Contemporary Central European Theatre: Document/ary versus Postmemory (2012-2013)

Duration: 
August, 2012 to October, 2013
Funding: 
International Visegrad Fund

Geopolitical changes in Europe that followed after 1989 have led to a situation in which the deconstruction of European and national identities has become a fact. The formation of a new cultural dimension of the united Europe – still under construction – was accompanied by the process of the revaluation of European history and especially the region. For the Visegrad countries, as for the post-communist countries in general, the last decade of the 20th century became the period when, along with revision of politics of memory, historical narratives that had dominated through the previous five decades were changed, sometimes to the diametrically opposite. In this situation theatre has been faced with a challenge: to draw public's attention to problems of the new 'black points' and prohibited zones that appeared through the creation of national myths, to the narratives about the past that had become marginalized, and to the memories that had been suppressed, altered, and/or deformed. The performances of the new generation of theatre artists seem to rebel against 'the correct memories' that the dominating version of history would suggest; they are extremely sensitive to the fact that in this part of Europe the transfer of memories from generation to generation was disrupted more than once and that these disruptions had to produce rather traumatic interpretations of the past. The contemporary artists are not only critical to the distortions and aberrations that collective memories often produce, thus contesting 'the objective truth'of history; for them, these memories are also reflections of historical traumas of the region and traces of numerous ideological manipulations.
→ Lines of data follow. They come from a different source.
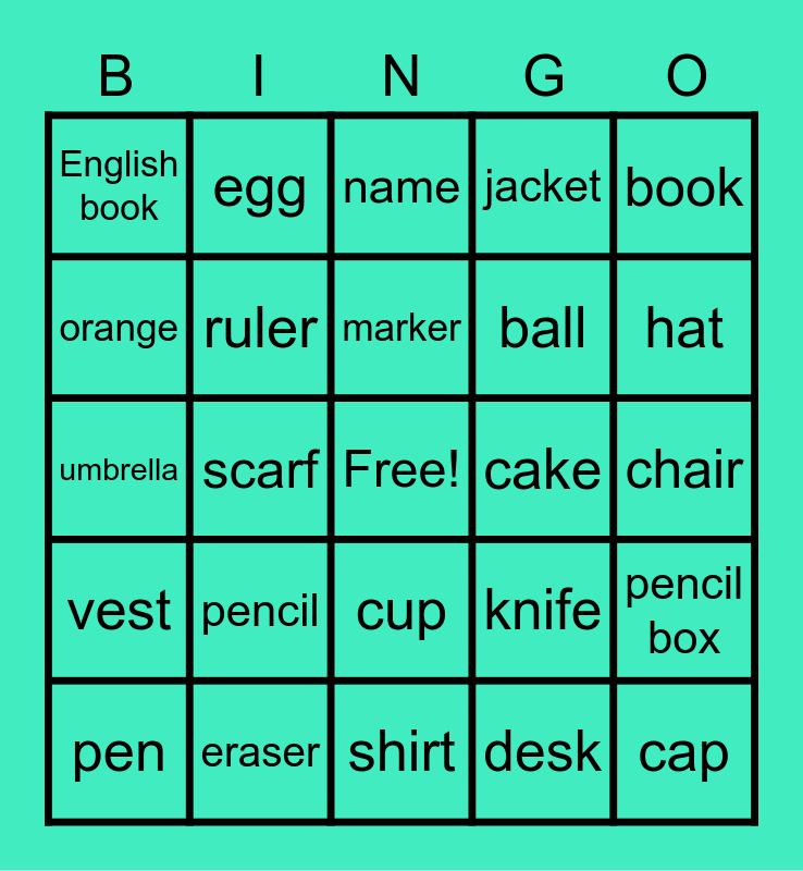 This bingo card has a free space and 24 words: pencil, eraser, marker, pen, book, English book, orange, egg, cake, cup, ball, umbrella, knife, pencil box, ruler, desk, chair, name, hat, scarf, cap, vest, jacket and shirt.
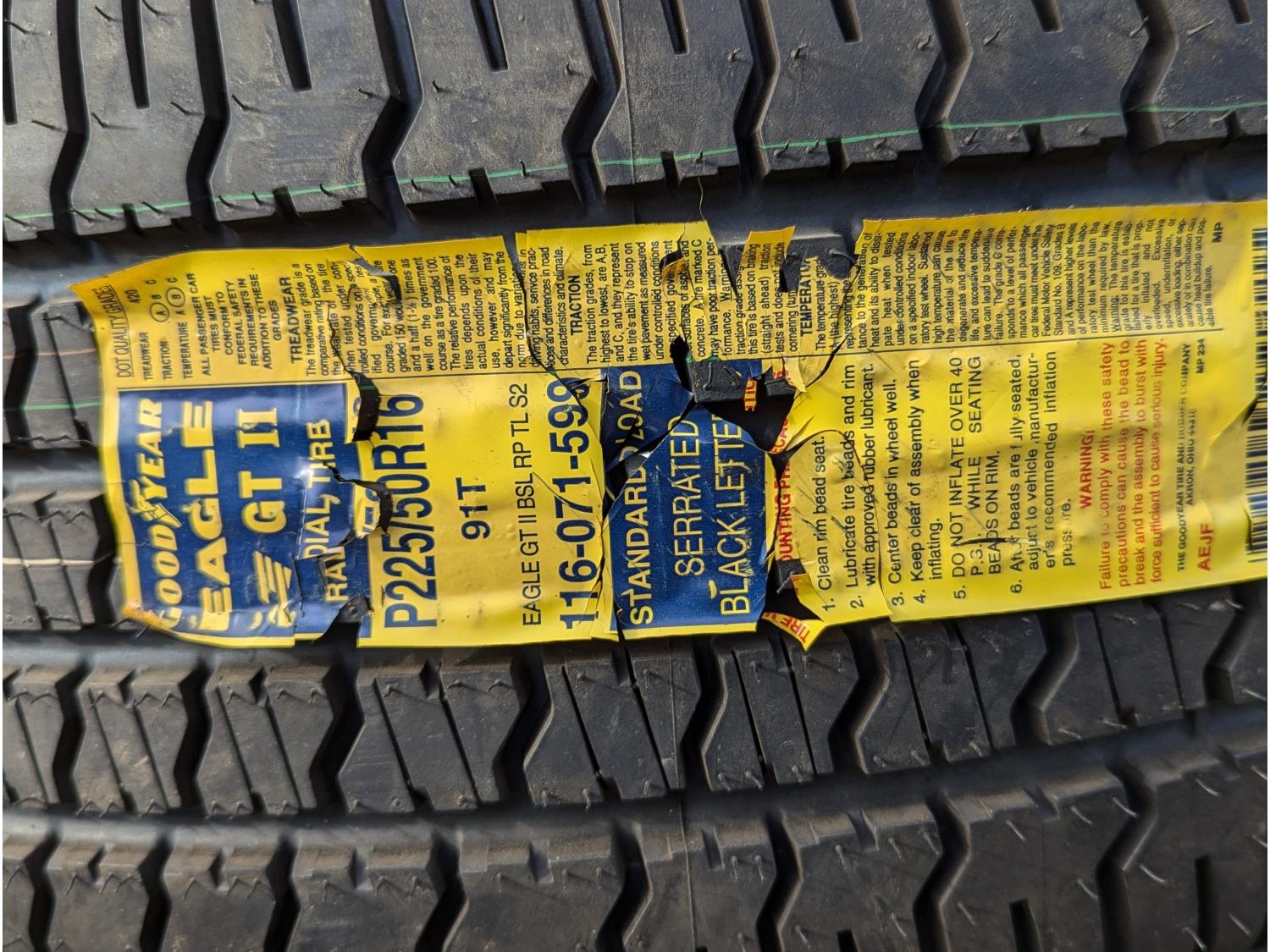 1348 Goodyear Eagle GTII (4) 225/50/R16 M+S (Unused)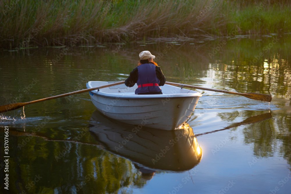 Fototapeta Woman with life jacket in rowboat in river in tranquil summer evening
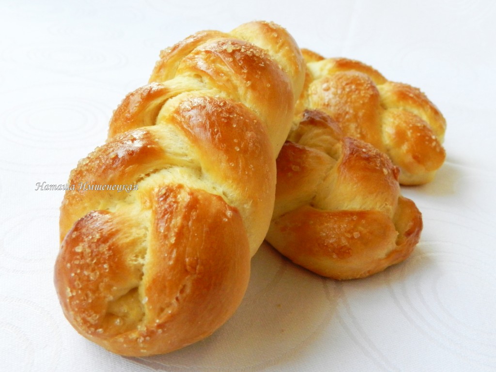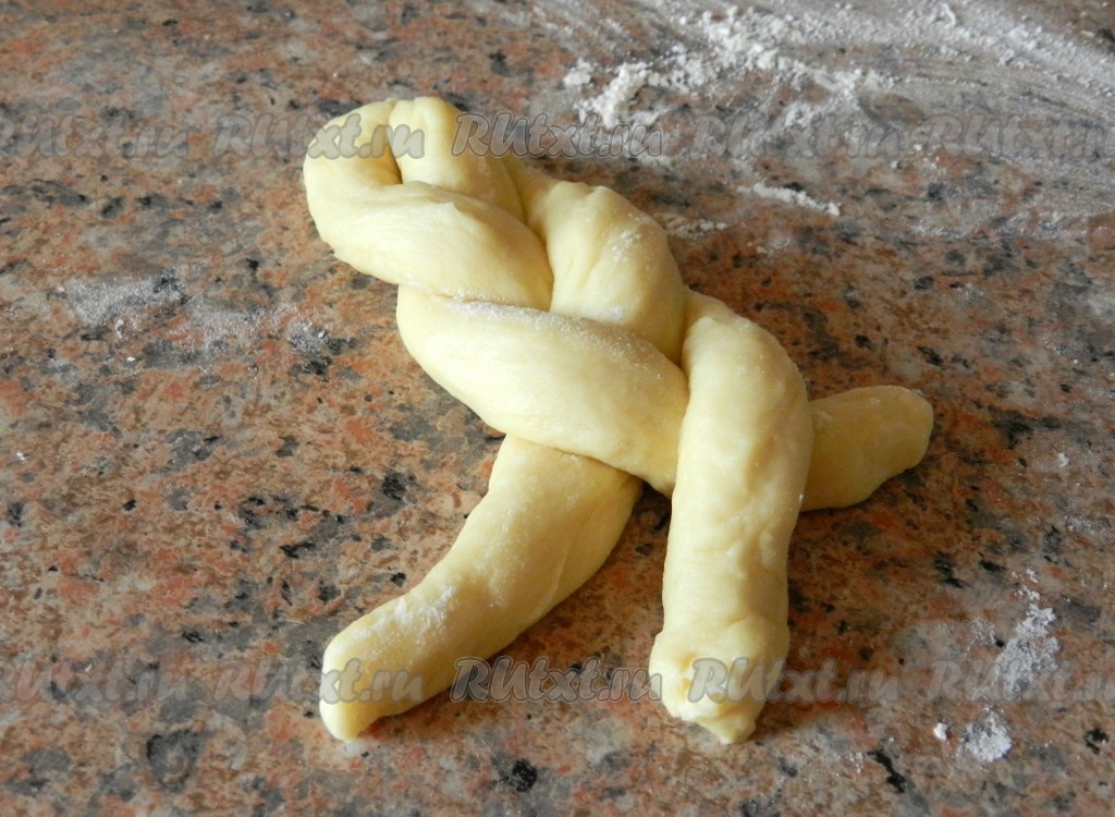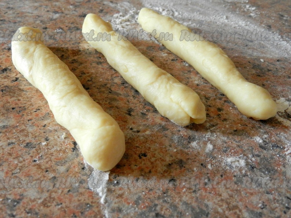 Форму булочкам можно придать любую. Я сегодня решила испечь "косички". Для этого небольшие кусочки теста руками раскатать в жгутики.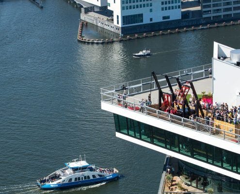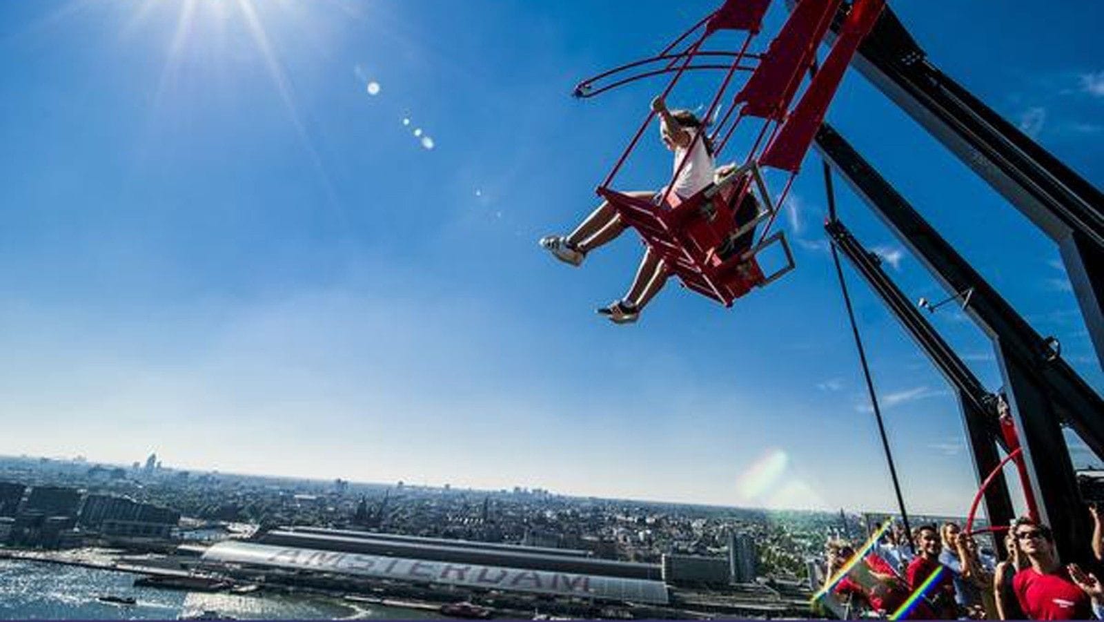 On August 25 the mayor of Amsterdam opened Europe’s highest swing called “OverTheEdge”. This one of a kind swing is placed on top of Amsterdam’s latest visitor attraction the A’DAM Tower. Visitor literally swing over the edge and get a magical experience floating in mid air 100 meters above the city.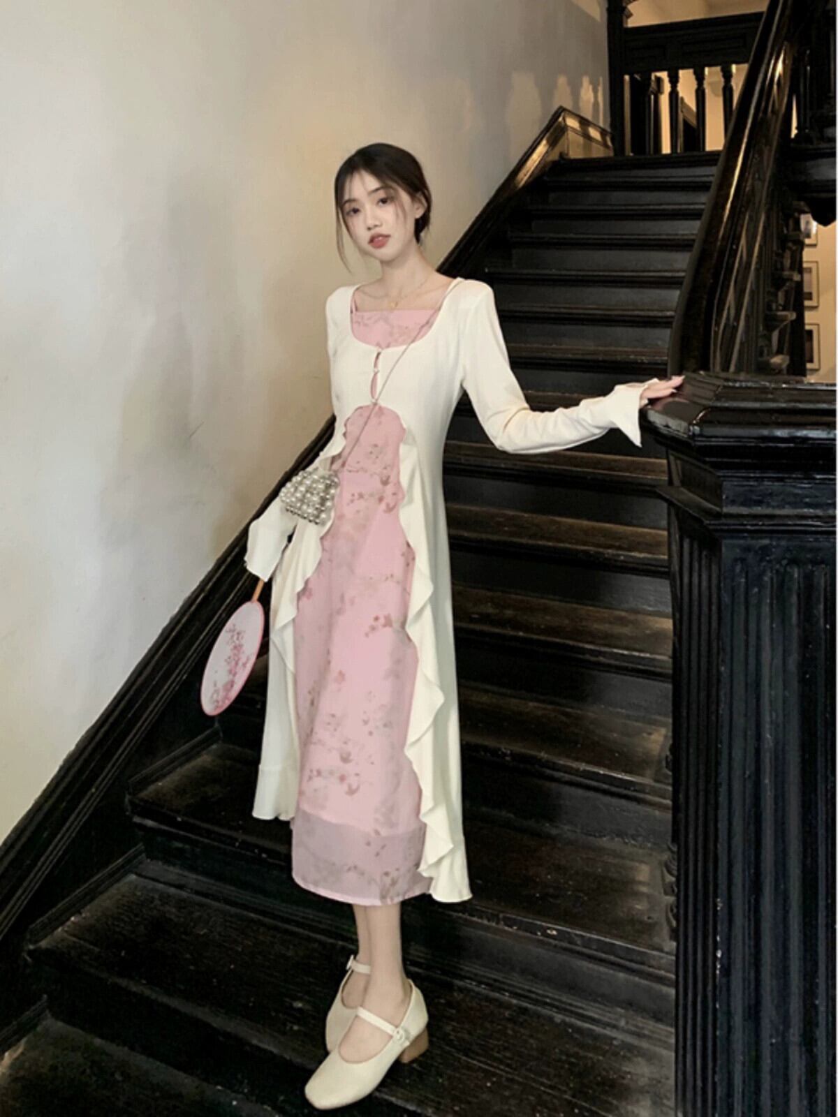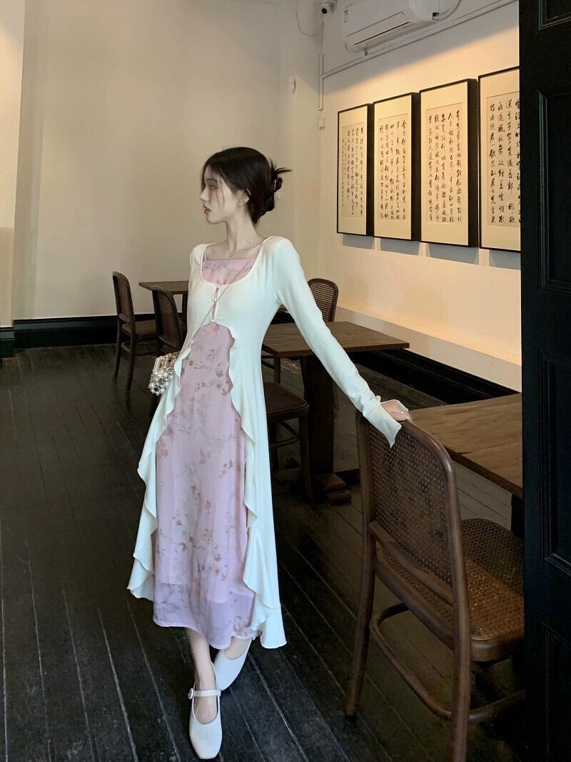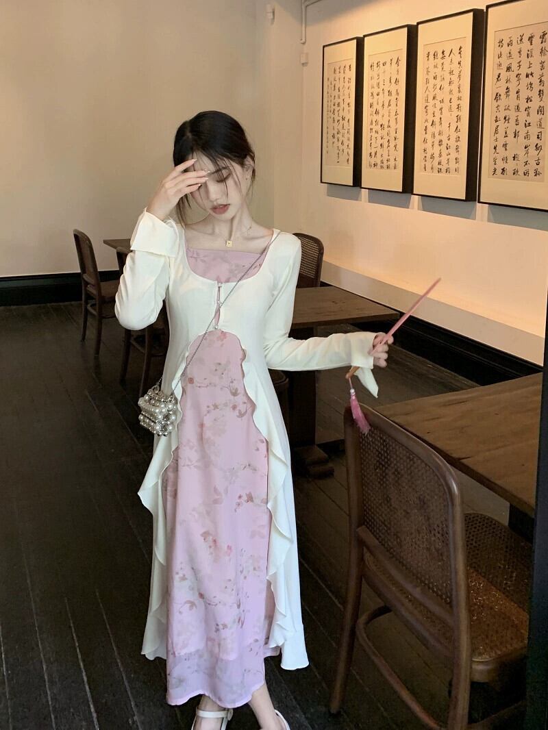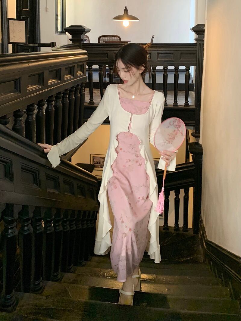 中国風のデザインセンス優しい花サスペンダーロング日焼け止めブラウス女性の夏の 2023 新しいファッションツーピースセット サマー 夏物 花柄 missk23281009117

Does the theatre have at its disposal tools to situate its use of documents so accurately that the result would not be understood as a new explanatory narrative (that is, after all, cannot be based on the phantasms of postmemory)? What could these tools be? Does contemporary theatre still need, at the same time, 'history' – in a more traditional sense of the word? What impact do 'historical' productions have on the audience: indeed which of them encourage spectators to undertake verification, investigations of their own, and which block these attempts?